J Can Acad Child Adolesc Psychiatry ; 32(2): 111-125, 2023 May.
Article in English | MEDLINE | ID: mdl-37181440

ABSTRACT

Background: The Unified Protocol (UP) for Transdiagnostic Treatment of Emotional Disorders is a flexible form of cognitive behavioural therapy targeting diverse mental health disorders in children and adults. Objective: The goal was to develop a brief version of UP tailored to the unique needs of young adults that could be administered in an online therapist-directed, group format. Method: Nineteen young adults (age 18-23) receiving mental health services from a community agency or a specialty clinic were enrolled in a feasibility test of the novel transdiagnostic, online intervention (five sessions, 90 minutes each). Qualitative interviews were conducted with participants after each session they attended and upon study completion (n = 80 interviews with n = 17 participants). Standardized quantitative mental health measures were collected at baseline (n = 19), end of treatment (5 weeks; n = 15) and at follow-up (12 weeks; n = 14). Results: Thirteen of the 18 participants (72%) who began treatment attended at least four of the five sessions.

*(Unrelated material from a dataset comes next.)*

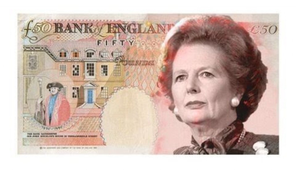 Baroness Thatcher LG, OM, DStJ, PC, FRS, HonFRSC. Has been nominated to appear on the Bank of England £50 note. I think it will be a wonderful note.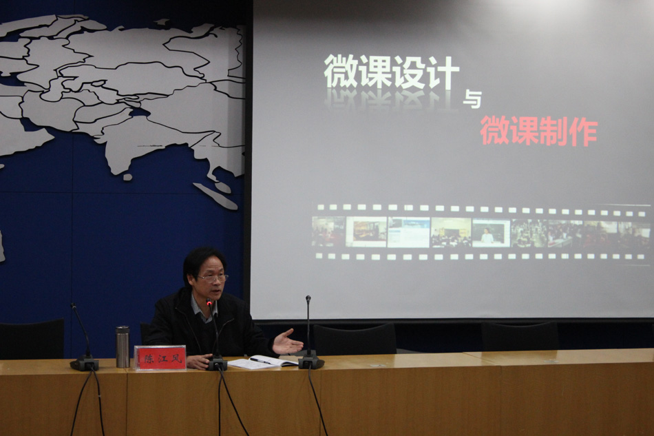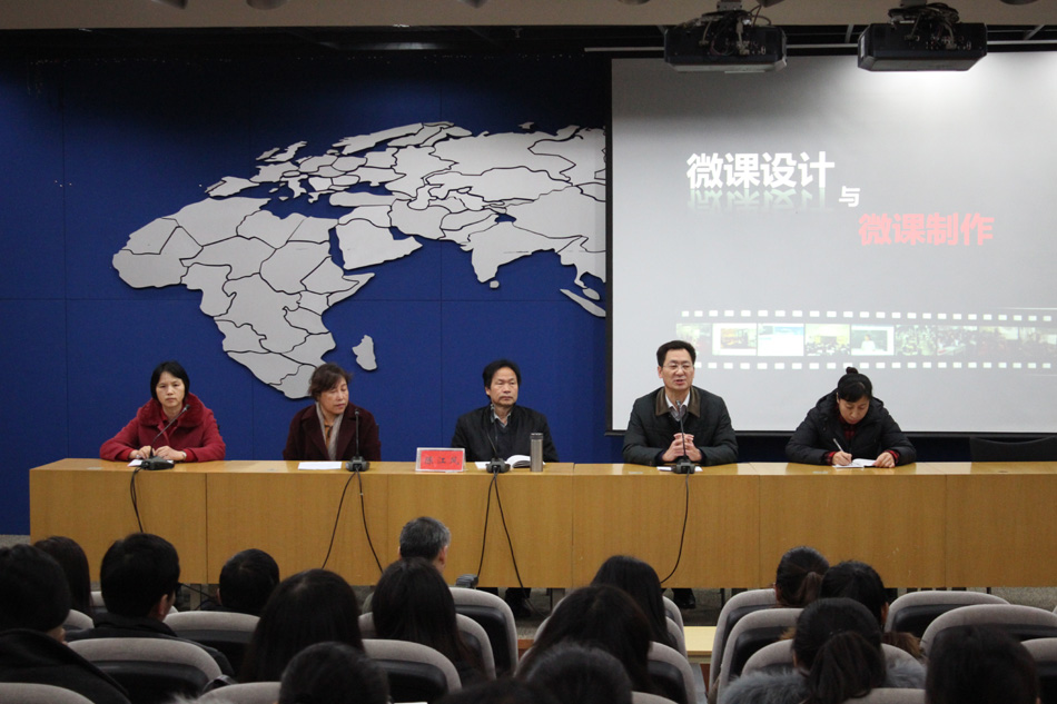 最后,陈江风副校长作重要讲话。陈校长指出,今天会议的召开对学校课程改革尤其是微课群建设非常及时、到位。当前,我校要建立基于信息化背景下学习型高校,课程改革和信息化技术的有效融合是一个重要抓手,与传统课程、尤其是传统的各类网络课程相比,微课制作是一种基于网络快速发展的崭新的课程理念,其在传播效果,特别是学生的认可程度上具有更大的优越性。学校启动微课群建设项目,近期迅速进入了立项、制作等实质性阶段,其宗旨是要推进教学工作的与时俱进,让更多的老师多掌握一项技能,投入课程改革,为学生学习创造更宽阔的空间,进一步提升教学水平和教学质量。最后陈校长对相关职能部门和课程负责人提出了希望。微课建设仅靠教师单方是不够的,相关职能部门要为课程制作教师提供政策和条件支持。各位老师要有超越自我的自觉性,努力增强适应性,在具体策划时要做好分工,协同制作,力争制作高水平微课,打造学校品牌。

During the qualitative interviews, participants noted that core UP concepts such as understanding of emotions, mindfulness, cognitive flexibility, and behavioural activation are applicable in their day-to-day lives. Quantitative data showed a significant reduction in anxiety-related life impairment at follow-up compared to baseline, but not end of treatment compared to baseline. Reductions in global anxiety and depression symptoms were not statistically significant. Conclusions: This novel, brief version of the UP may be a feasible online intervention for young adults seen at mental health clinics for diverse mental health issues and warrants further study to demonstrate effectiveness.

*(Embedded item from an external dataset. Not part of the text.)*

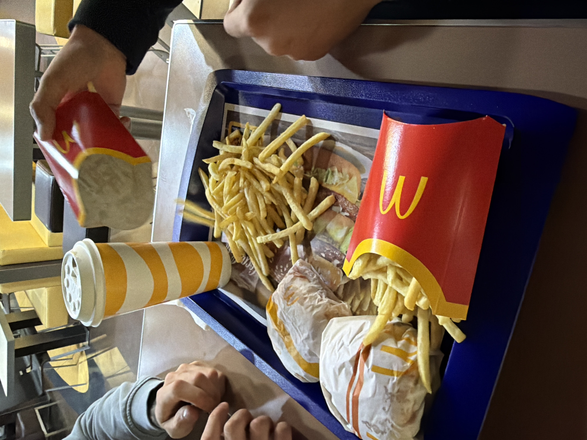 A tray of McDonald's food is viewed from above

Contexte: Le protocole unifié (PU) pour le traitement transdiagnostique des troubles émotionnels est une forme flexible de thérapie cognitivo-comportementale ciblant divers troubles de santé mentale flexible chez les enfants et les adultes. Objectif: Le but était d'élaborer une version abrégée du PU adaptée aux besoins uniques des jeunes adultes qui pourrait être administrée à un format de groupe en ligne dirigé par un thérapeute. Méthode: Dix-neuf jeunes adultes (18­23 ans) recevant des services de santé mentale d'un organisme communautaire ou d'une clinique spécialisée ont été inscrits à un test de faisabilité de la nouvelle intervention transdiagnostique en ligne (cinq séances, 90 minutes chacune). Des entrevues qualitatives ont été menées auprès des participants après chaque séance à laquelle ils ont assisté et à la fin de l'étude (n = 80 entrevues avec n = 17 participants). Les mesures de santé mentale standardisée quantitative ont été recueillies à la base (n = 19), à la fin du traitement (5 semaines; n = 15) et au suivi (12 semaines; n = 14). Résultats: Treize des 18 participants (72 %) qui ont commencé le traitement ont assisté à au moins quatre des cinq séances. Durant les entrevues qualitatives, les participants ont noté que les principaux concepts du PU comme la compréhension des émotions, la pleine conscience, la flexibilité cognitive et l'activation comportementale sont applicables dans leur vie quotidienne. Les données quantitatives indiquaient une réduction significative dans les troubles de la vie liés à l'anxiété au suivi comparé à la base, mais pas à la fin du traitement comparé à la base. Les réductions de l'anxiété générale et des symptômes de dépression n'étaient pas statistiquement significatives. Conclusions: Cette nouvelle version abrégée du PU peut être une intervention faisable en ligne pour les jeunes adultes vus dans des cliniques de santé mentale pour divers problèmes de santé mentale et demande plus d'étude pour en démontrer l'efficacité.

SELECTION OF CITATIONS
SEARCH DETAIL
...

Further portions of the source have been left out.